Russian Gas Flows to Germany Through Yamal Reversed

 A worker climbs a cylinder at a gas compressor station at the Yamal-Europe pipeline near Nesvizh, southwest of Minsk December 29, 2006. (REUTERS/Vasily Fedosenko (BELARUS)/File Photo)

Russian natural gas shipments to Germany through a major transit pipeline reversed direction on Tuesday after stopping earlier in the day, data from German network operator Gascade showed.

Westward flows through the Yamal-Europe pipeline had been falling since Saturday, sending European spot gas prices toward all-time highs.

Levels of flows and their direction through Yamal are managed according to customers’ requests, and they alternated between eastward – meaning conveying gas from Germany to Poland – and westward for around a week during November.

On Tuesday, eastward flows began at the Mallnow metering point on the German-Polish border, Gascade said. It had earlier logged requests for eastward flows at an hourly volume of over 1,250,000 kilowatt hours (kWh/h) for the rest of Tuesday.

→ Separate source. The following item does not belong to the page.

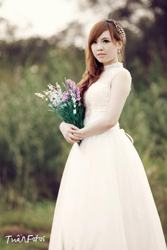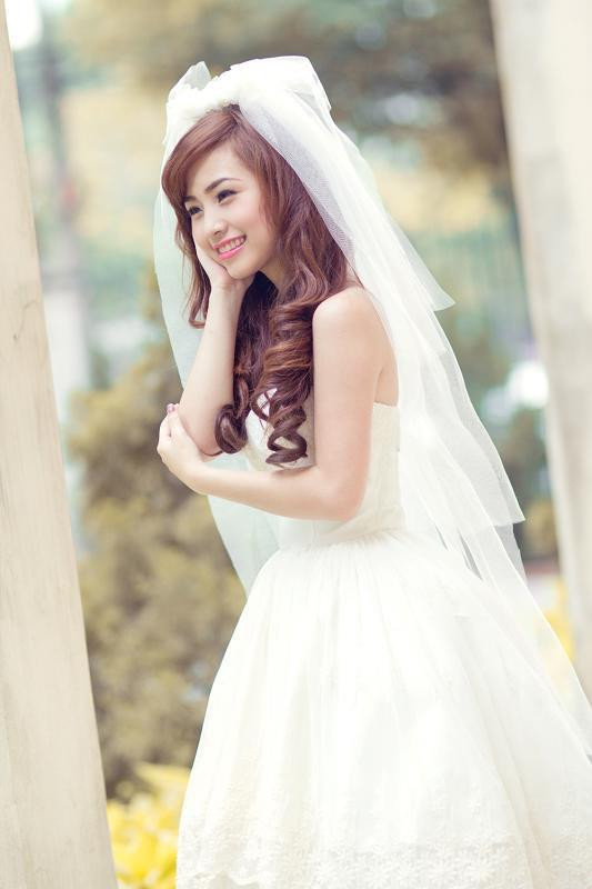 | Với kiểu tóc mái ma nơ canh, chiếc nơ cài đầu trắng duyên dáng làm toát lên vẻ đẹp trong sáng và trẻ trung. Hot girl Trinh Nguyễn cũng là một trong những cô nàng tuổi teen diện váy cưới cực xinh khiến bao người phải ngỡ ngàng. |

Russian gas export monopoly Gazprom sends gas to Europe via a number of routes and had not booked capacity for exports via Yamal for Tuesday. Gazprom is booking extra capacity at auctions for delivery via Ukraine and to Germany via the Yamal route, when it sees requests.

But some western politicians and industry experts have accused Russia of withholding deliveries of gas to Europe amid political tensions over Ukraine, as well as delays in the certification of another pipeline, Nord Stream 2.

Gazprom and the Kremlin have repeatedly denied this. Gazprom did not immediately reply to a Reuters request for comment on Tuesday’s reversal.

Yamal, meanwhile, flows through Belarus, whose government is under pressure from sanctions by EU authorities over human rights violations and a migrant crisis on its border.

Belarusian President Alexander Lukashenko has threatened to retaliate by blocking gas shipments.

Kremlin spokesman Dmitry Peskov said earlier this month that he hoped Lukashenko would not suspend gas transit despite “unprecedented, unjustified and aggressive” pressure from some Western nations.

The Dutch front-month gas contract rose to 153.10 euros/MWh on Tuesday, adding 4% and nearing the all-time high of 155 euros/MWh it hit in October.